_Task instructions_
Please return the lines below verbatim, beginning at the one that has "1.无溶剂防腐蚀涂料:无溶剂" and stopping after the one that has "権現滝下にある橋から、滝を見上げた 今日は水量が多くて豪快〜 |", and add no other lines.

_Entries provided_
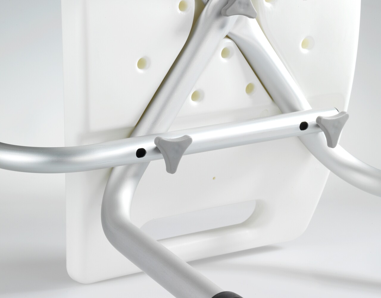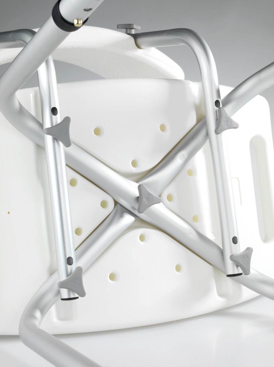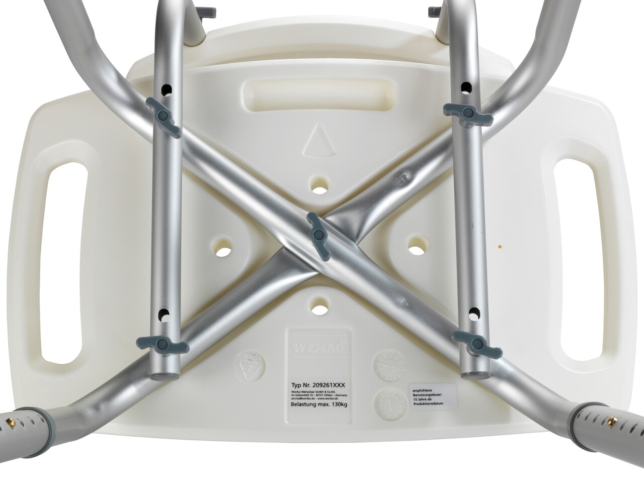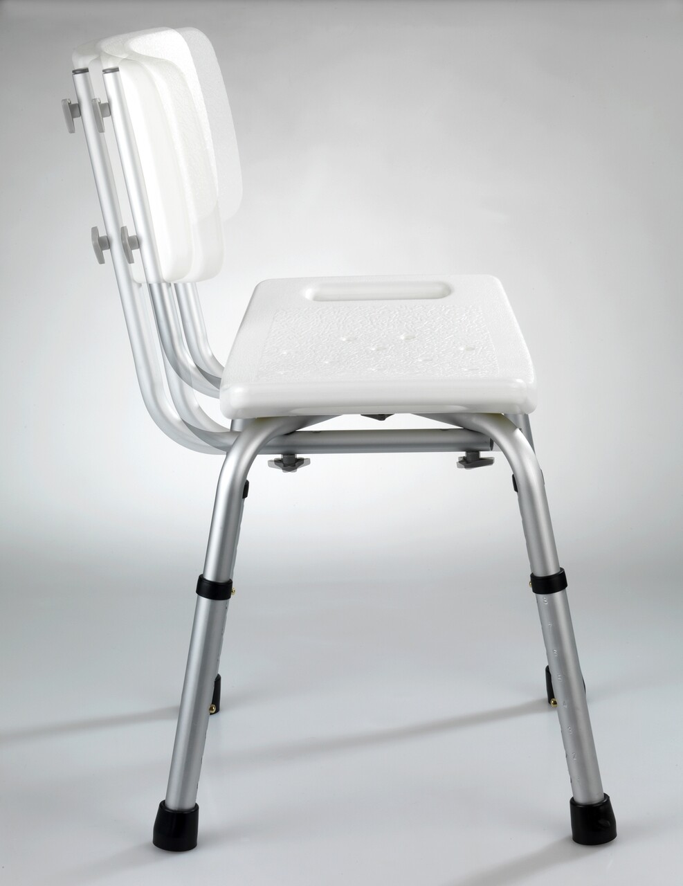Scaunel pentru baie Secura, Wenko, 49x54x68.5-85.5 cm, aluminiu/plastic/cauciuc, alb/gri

...

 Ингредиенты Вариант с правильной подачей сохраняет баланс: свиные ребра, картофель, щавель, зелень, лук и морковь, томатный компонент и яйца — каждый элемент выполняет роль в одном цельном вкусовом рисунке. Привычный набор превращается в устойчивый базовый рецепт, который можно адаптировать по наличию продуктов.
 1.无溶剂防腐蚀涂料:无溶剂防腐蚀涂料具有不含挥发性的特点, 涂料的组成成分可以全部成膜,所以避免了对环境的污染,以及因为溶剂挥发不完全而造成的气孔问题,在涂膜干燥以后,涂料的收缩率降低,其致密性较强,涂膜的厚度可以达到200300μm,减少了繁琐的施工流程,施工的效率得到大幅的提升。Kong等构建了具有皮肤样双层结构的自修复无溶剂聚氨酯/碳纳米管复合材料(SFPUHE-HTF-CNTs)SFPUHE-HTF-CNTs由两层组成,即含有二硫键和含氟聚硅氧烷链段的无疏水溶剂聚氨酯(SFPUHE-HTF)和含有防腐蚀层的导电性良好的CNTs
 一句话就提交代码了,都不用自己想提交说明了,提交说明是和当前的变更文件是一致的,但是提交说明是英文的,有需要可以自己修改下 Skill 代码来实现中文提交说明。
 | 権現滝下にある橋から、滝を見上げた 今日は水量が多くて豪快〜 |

_Solution to the problem_
 1.无溶剂防腐蚀涂料:无溶剂防腐蚀涂料具有不含挥发性的特点, 涂料的组成成分可以全部成膜,所以避免了对环境的污染,以及因为溶剂挥发不完全而造成的气孔问题,在涂膜干燥以后,涂料的收缩率降低,其致密性较强,涂膜的厚度可以达到200300μm,减少了繁琐的施工流程,施工的效率得到大幅的提升。Kong等构建了具有皮肤样双层结构的自修复无溶剂聚氨酯/碳纳米管复合材料(SFPUHE-HTF-CNTs)SFPUHE-HTF-CNTs由两层组成,即含有二硫键和含氟聚硅氧烷链段的无疏水溶剂聚氨酯(SFPUHE-HTF)和含有防腐蚀层的导电性良好的CNTs
 一句话就提交代码了,都不用自己想提交说明了,提交说明是和当前的变更文件是一致的,但是提交说明是英文的,有需要可以自己修改下 Skill 代码来实现中文提交说明。
 | 権現滝下にある橋から、滝を見上げた 今日は水量が多くて豪快〜 |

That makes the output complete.